Learn Experiment Setup In Testing Platform for free with explanations, exercises, and a quick test (for Product Analyst).

Published: December 22, 2025 | Updated: December 22, 2025

Why this matters

As a Product Analyst, you convert experiment ideas into reliable results. The setup you do in the testing platform determines whether your A/B test is valid, measurable, and safe for users and revenue.

  • Launch controlled rollouts without breaking core funnels.
  • Target the right users and ensure consistent assignment (sticky bucketing).
  • Track primary metrics and guardrails for trustworthy decisions.
  • Plan traffic, duration, and stop rules to avoid false wins.
Real tasks you’ll handle
  • Create variants and allocate traffic (e.g., 50/50, 90/10 ramp).
  • Define exposure, targeting, and exclusions (e.g., only new users, exclude employees).
  • Wire up events: conversions, clicks, feature usage, revenue.
  • Configure guardrails (crash rate, latency, unsubscribe rate).
  • QA in a preview environment and run a soft launch.

Concept explained simply

An experiment platform is a switchboard: you define who sees what, how much traffic to send, what success means, and when to stop. If the switchboard is wired wrong, your results are noisy or misleading.

Mental model: The 5 levers
  1. Units and Randomization: How users are bucketed (user_id, device_id).
  2. Exposure and Targeting: Who is eligible and when they enter.
  3. Allocation and Ramp: How much traffic each variant gets over time.
  4. Metrics and Guardrails: What you measure to decide and to keep users safe.
  5. Stop Rules and Duration: When you call the test and how you avoid peeking.

Step-by-step setup

  1. Define the hypothesis: What change, for whom, with what expected outcome?
  2. Pick unit of randomization: Usually user_id (web/app), occasionally device_id or session for anonymous flows.
  3. Targeting and exclusions: Countries, platforms, new vs. returning users, exclude internal IPs and bots.
  4. Create variants: Control and at least one variant.
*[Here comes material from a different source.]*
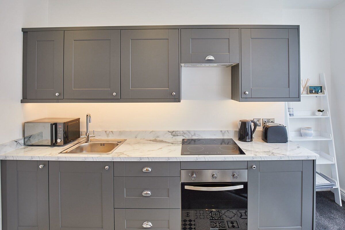 LIVING AREAApartment 2 @ Queens Court has a bright living area with a grey sofa, a flat screen TV and an overall light feel. Bright and neutral, it is a comfortable space for relaxing. A sofa bed can also be made up upon request, increasing the occupancy to four.

Name clearly (e.g., control_v1, paywall_variant_a).
  5. Traffic allocation and ramp plan: Start small (e.g., 10%) then ramp to 50% if guardrails hold.
  6. Metrics: Primary (decision metric), secondary, guardrails (e.g., error rate, latency, refund rate).
  7. Sample size and duration: Use baseline rate, desired effect size, power 80%, alpha 5%. Pre-commit minimum duration (e.g., 2–3 weeks) to cover cycles.
  8. Sticky assignment: Ensure users stay in their variant across sessions/devices where feasible.
  9. QA: Preview modes, test events firing, ensure no double counting or broken UI.
  10. Stop rules: Only stop if duration met and metrics meet pre-defined thresholds. Avoid peeking and early stopping unless for harm.
Pre-launch checklist
  • Clear hypothesis and success criteria written.
  • Targeting segment defined and exclusions added.
  • Variants named and verified in preview.
  • Primary/secondary/guardrail metrics selected and events firing.
  • Allocation and ramp plan documented.
  • Sample size and minimum duration estimated.
  • Sticky assignment confirmed.
  • QA sign-off captured.

Worked examples

Example 1: Web CTA color test (simple UI change)
  • Hypothesis: Changing the signup button color increases click-through by 5% for new desktop users.
  • Unit: user_id; fallback to device_id if anonymous.
  • Targeting: Desktop, new visitors only, exclude employees and bots.
  • Allocation: Start 10/90 (variant/control) for 24 hours, then 50/50.
  • Metrics: Primary—Signup button CTR; Secondary—Account creation; Guardrails—Bounce rate, error rate.
  • QA: Verify event signup_cta_click fires once; confirm sticky assignment across pages.
  • Stop rule: Minimum 14 days, at least 1 baseline cycle.
Example 2: Mobile paywall variation via feature flag
  • Hypothesis: New layout increases trial start rate by 7% among new iOS users.
  • Unit: user_id (app install id as backup).
  • Targeting: iOS, app version ≥ 8.2, new users; exclude purchasers.
  • Allocation: 5% holdout (control), 45% variant A, 50% control remainder (or 50/50 after ramp).
  • Metrics: Primary—Trial start; Secondary—Subscription at D7; Guardrails—Crash rate, session length drop.
  • QA: Toggle flag in staging; verify paywall renders and events trial_start, paywall_view fire.
  • Stop rule: Minimum 21 days or 10k exposures, whichever later.
Example 3: Pricing page copy test across locales
  • Hypothesis: Clearer value message improves checkout start by 3% globally.
  • Unit: user_id, namespace “pricing”.
  • Targeting: All locales except those with legal copy constraints; exclude active subscribers.
  • Allocation: 50/50, simultaneous across locales with stratified analysis.
  • Metrics: Primary—Checkout start; Secondary—Payment conversion; Guardrails—Refund rate, NPS drop threshold.
  • QA: Locale switch testing, currency formatting, translation completeness.
  • Stop rule: 3 weeks, ensure weekend and payday coverage.

Exercises

Do these to practice the exact clicks and fields you’ll configure in a platform.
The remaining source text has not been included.